# AIM OF THE EXERCISE
What is needed is a word-for-word copy of the listing below, without pictures.

====== SOURCE DATA

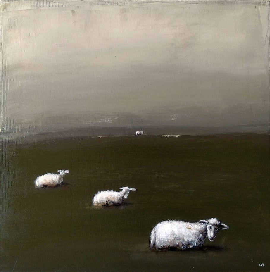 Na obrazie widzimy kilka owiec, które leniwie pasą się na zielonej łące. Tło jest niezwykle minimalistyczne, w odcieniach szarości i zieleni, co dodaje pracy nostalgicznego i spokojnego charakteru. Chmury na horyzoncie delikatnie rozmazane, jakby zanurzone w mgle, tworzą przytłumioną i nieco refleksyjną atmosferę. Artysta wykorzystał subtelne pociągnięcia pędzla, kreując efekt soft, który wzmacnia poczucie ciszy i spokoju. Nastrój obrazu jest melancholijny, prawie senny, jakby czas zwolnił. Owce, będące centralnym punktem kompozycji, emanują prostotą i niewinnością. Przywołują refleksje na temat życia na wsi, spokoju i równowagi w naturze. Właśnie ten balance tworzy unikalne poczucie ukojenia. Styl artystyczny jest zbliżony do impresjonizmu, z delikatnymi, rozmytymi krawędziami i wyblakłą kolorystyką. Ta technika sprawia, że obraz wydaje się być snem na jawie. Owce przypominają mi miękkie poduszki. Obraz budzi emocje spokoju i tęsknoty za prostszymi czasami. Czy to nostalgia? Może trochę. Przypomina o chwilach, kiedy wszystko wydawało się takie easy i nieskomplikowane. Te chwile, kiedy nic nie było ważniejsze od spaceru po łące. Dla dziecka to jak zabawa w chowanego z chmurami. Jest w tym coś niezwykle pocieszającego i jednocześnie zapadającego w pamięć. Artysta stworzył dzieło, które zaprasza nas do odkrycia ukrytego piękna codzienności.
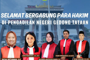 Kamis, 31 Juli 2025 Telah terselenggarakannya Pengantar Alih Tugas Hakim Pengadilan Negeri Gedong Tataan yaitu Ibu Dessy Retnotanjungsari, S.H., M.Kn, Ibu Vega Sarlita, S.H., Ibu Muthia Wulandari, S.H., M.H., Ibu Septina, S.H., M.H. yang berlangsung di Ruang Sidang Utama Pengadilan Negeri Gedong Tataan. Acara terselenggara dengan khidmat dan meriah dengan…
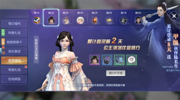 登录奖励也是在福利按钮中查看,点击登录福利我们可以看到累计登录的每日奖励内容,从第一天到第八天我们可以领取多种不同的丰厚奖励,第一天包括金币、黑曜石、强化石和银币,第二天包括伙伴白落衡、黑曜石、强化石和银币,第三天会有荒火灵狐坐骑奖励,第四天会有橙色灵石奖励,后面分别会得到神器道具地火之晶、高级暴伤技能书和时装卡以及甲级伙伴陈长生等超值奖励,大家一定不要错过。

============

# ANSWER AREA
 Na obrazie widzimy kilka owiec, które leniwie pasą się na zielonej łące. Tło jest niezwykle minimalistyczne, w odcieniach szarości i zieleni, co dodaje pracy nostalgicznego i spokojnego charakteru. Chmury na horyzoncie delikatnie rozmazane, jakby zanurzone w mgle, tworzą przytłumioną i nieco refleksyjną atmosferę. Artysta wykorzystał subtelne pociągnięcia pędzla, kreując efekt soft, który wzmacnia poczucie ciszy i spokoju. Nastrój obrazu jest melancholijny, prawie senny, jakby czas zwolnił. Owce, będące centralnym punktem kompozycji, emanują prostotą i niewinnością. Przywołują refleksje na temat życia na wsi, spokoju i równowagi w naturze. Właśnie ten balance tworzy unikalne poczucie ukojenia. Styl artystyczny jest zbliżony do impresjonizmu, z delikatnymi, rozmytymi krawędziami i wyblakłą kolorystyką. Ta technika sprawia, że obraz wydaje się być snem na jawie. Owce przypominają mi miękkie poduszki. Obraz budzi emocje spokoju i tęsknoty za prostszymi czasami. Czy to nostalgia? Może trochę. Przypomina o chwilach, kiedy wszystko wydawało się takie easy i nieskomplikowane. Te chwile, kiedy nic nie było ważniejsze od spaceru po łące. Dla dziecka to jak zabawa w chowanego z chmurami. Jest w tym coś niezwykle pocieszającego i jednocześnie zapadającego w pamięć. Artysta stworzył dzieło, które zaprasza nas do odkrycia ukrytego piękna codzienności.
 Kamis, 31 Juli 2025 Telah terselenggarakannya Pengantar Alih Tugas Hakim Pengadilan Negeri Gedong Tataan yaitu Ibu Dessy Retnotanjungsari, S.H., M.Kn, Ibu Vega Sarlita, S.H., Ibu Muthia Wulandari, S.H., M.H., Ibu Septina, S.H., M.H. yang berlangsung di Ruang Sidang Utama Pengadilan Negeri Gedong Tataan. Acara terselenggara dengan khidmat dan meriah dengan…
 登录奖励也是在福利按钮中查看,点击登录福利我们可以看到累计登录的每日奖励内容,从第一天到第八天我们可以领取多种不同的丰厚奖励,第一天包括金币、黑曜石、强化石和银币,第二天包括伙伴白落衡、黑曜石、强化石和银币,第三天会有荒火灵狐坐骑奖励,第四天会有橙色灵石奖励,后面分别会得到神器道具地火之晶、高级暴伤技能书和时装卡以及甲级伙伴陈长生等超值奖励,大家一定不要错过。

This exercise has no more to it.